Updated on: 23 November,2025 08:01 AM IST  |  Mumbai
Tanisha Banerjee | mailbag@mid-day.com

It’s Men’s Health Awareness Month, and we thought it was a good time to ask why, in 2025, men are still using the Internet to abuse and attack women who deviate from the traditional norms of ‘what a woman should behave like’

What’s hurting the men behind the handles on social media?
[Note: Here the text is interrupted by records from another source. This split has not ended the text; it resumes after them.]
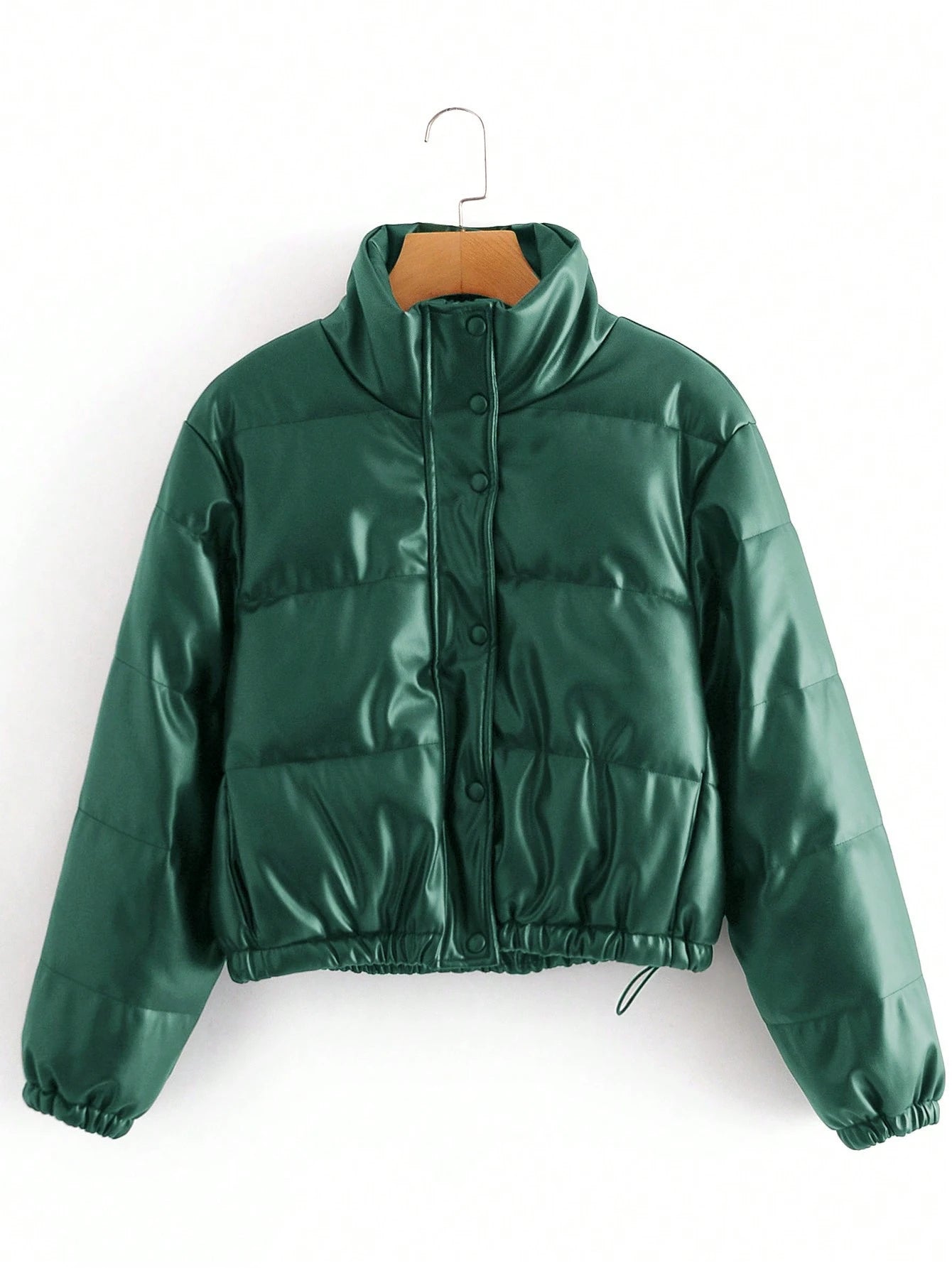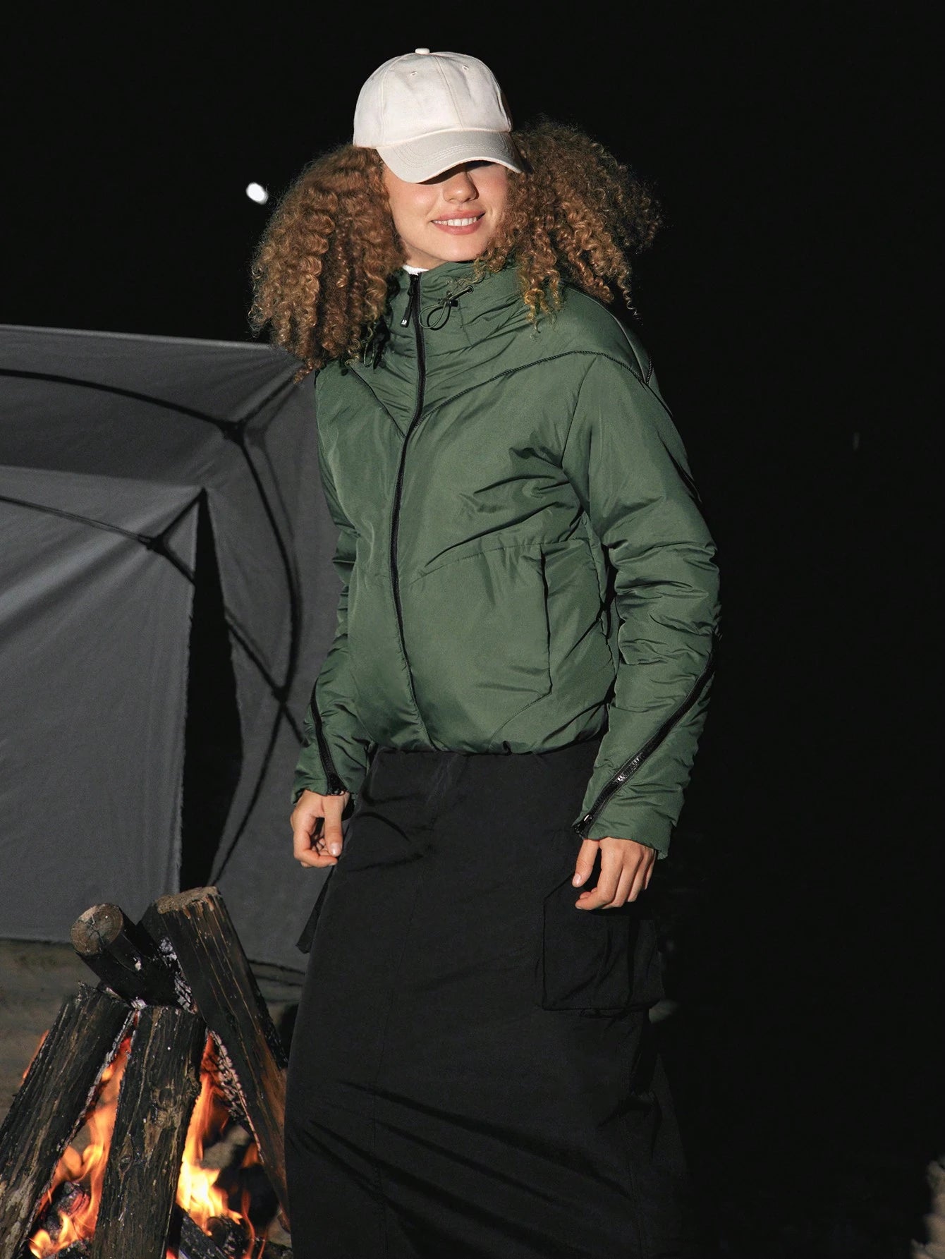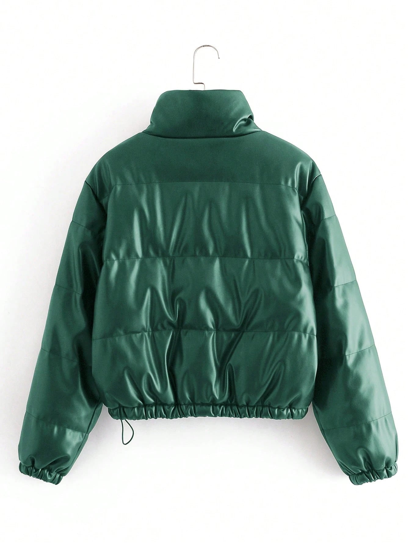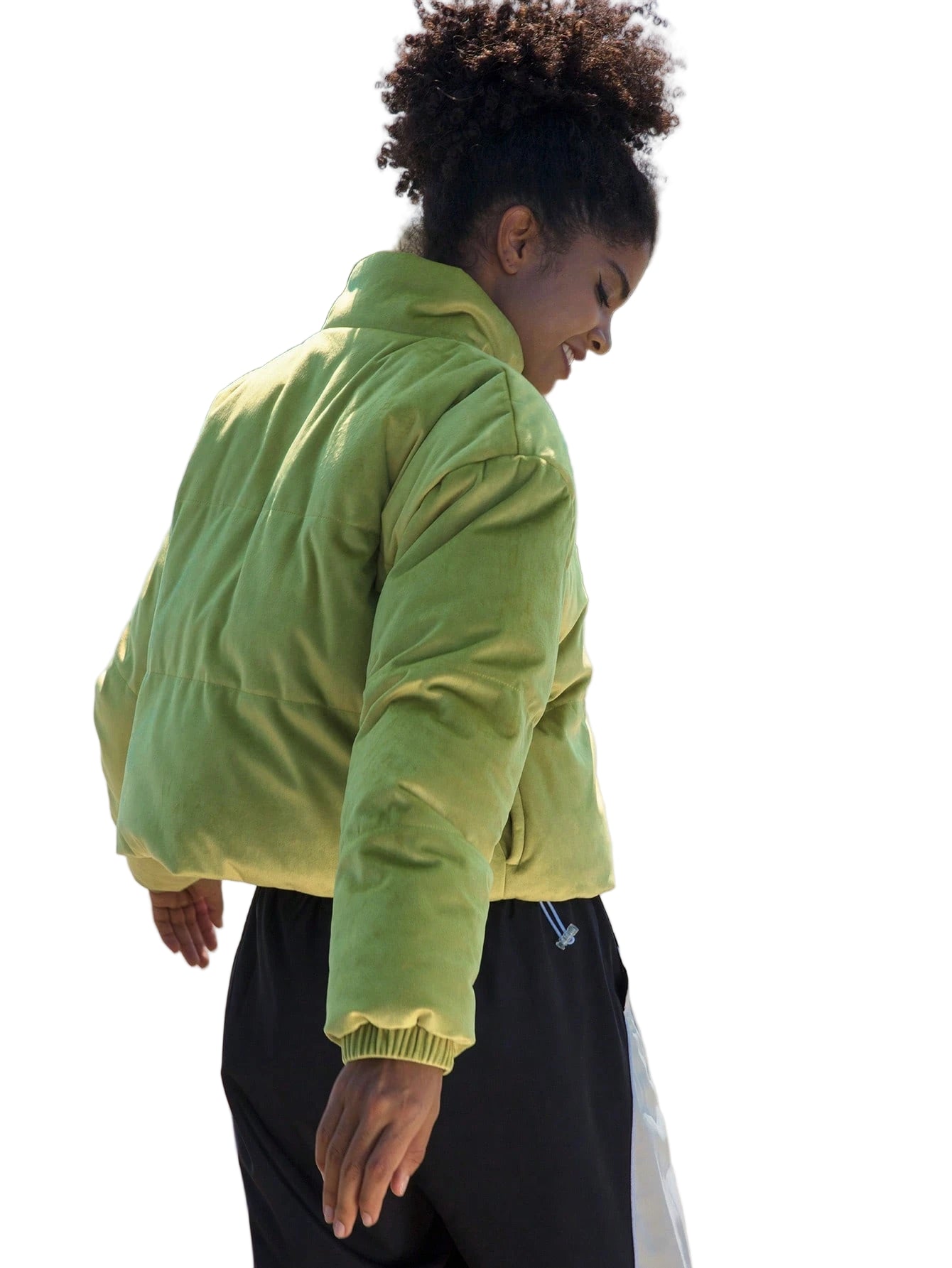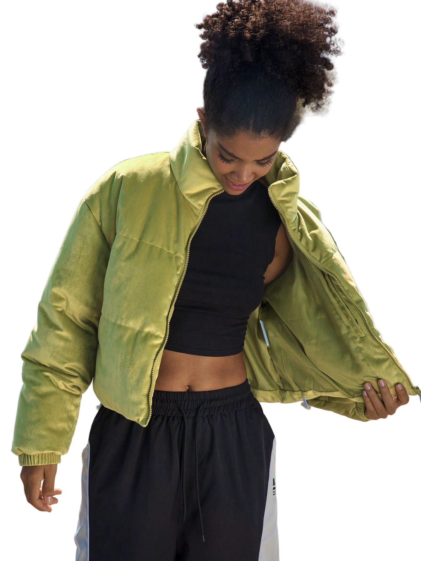 Zip Up Drawstring Hem Crop Velour Padded Coat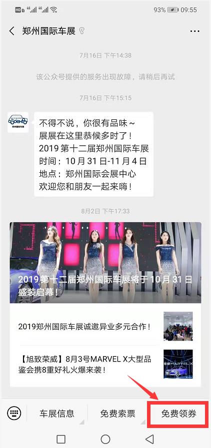 1、關(guān)注“鄭州國(guó)際車(chē)展”官方微信,選擇菜單欄“免費(fèi)索票”,點(diǎn)擊“免費(fèi)搶票”;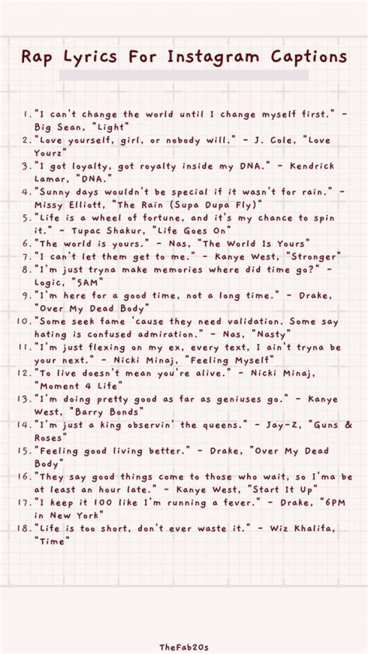 Using rap lyrics for Instagram captions can be a creative and engaging way to express yourself, connect with followers, and add a touch of personality to your posts. By carefully selecting lyrics that align with your message and audience, and by practicing proper attribution, you can leverage the power of rap lyrics to enhance your Instagram presence.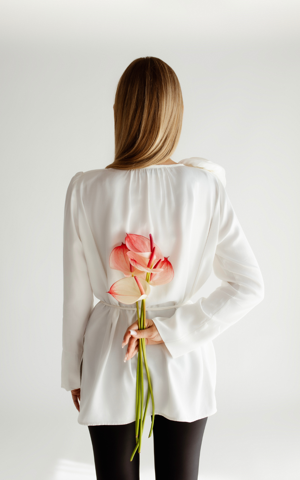 Dodatkowym atutem koszuli jest sznurek oraz odpinana broszka w kształcie kwiatu, które znajdziesz w zestawie.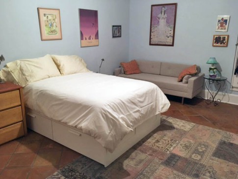 Two large bedrooms with queen-sized beds, plus a fold-out couch in the living room and another in the second bedroom. Spacious eat-in kitchen. Working fireplace.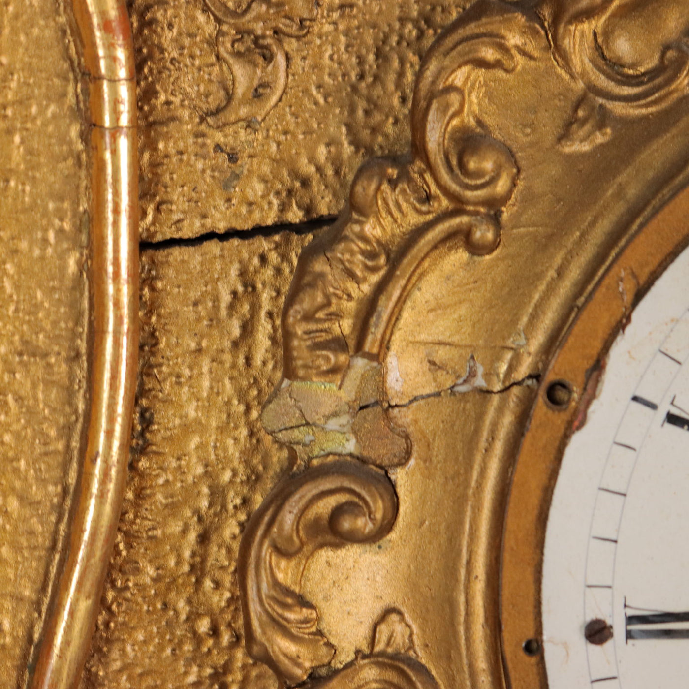 Antique Wall Clock Pendulum Wood Pastiglia XIX Century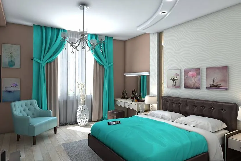 Насыщенный мятный в интерьере спальни

The 1 per cent of online harassment that Sohini Bhattacharya has been consistently facing. Imaging/pramod mahajan

The night the threats began, Sohini Bhattacharya hadn’t posted anything provocative. She had shared a tender moment from her wedding — she and her husband tying mangalsutra bracelets instead of necklaces. A small gesture of equality, you may say. The comments that followed were vicious. “I hope the man gets pregnant,” “Simp,” “Is your husband getting pegged by you?”

Bhattacharya creates women’s health content, using makeup as a gentle entry point into heavy subjects. The more she challenged cultural myths, the uglier the reactions grew. A video on the history of the blouse brought a wave of slurs. “People made horrible comments. Called me r**di, so many Bengali slurs as well since I am a Bengali,” she says. One message read, “Tumhare jaise humare yaha hote toh ab tak gaadh diye jate (If women like you existed where I’m from, you’d be buried alive).” Even saying these words made her cringe at herself. But her online abusers weren’t cringing.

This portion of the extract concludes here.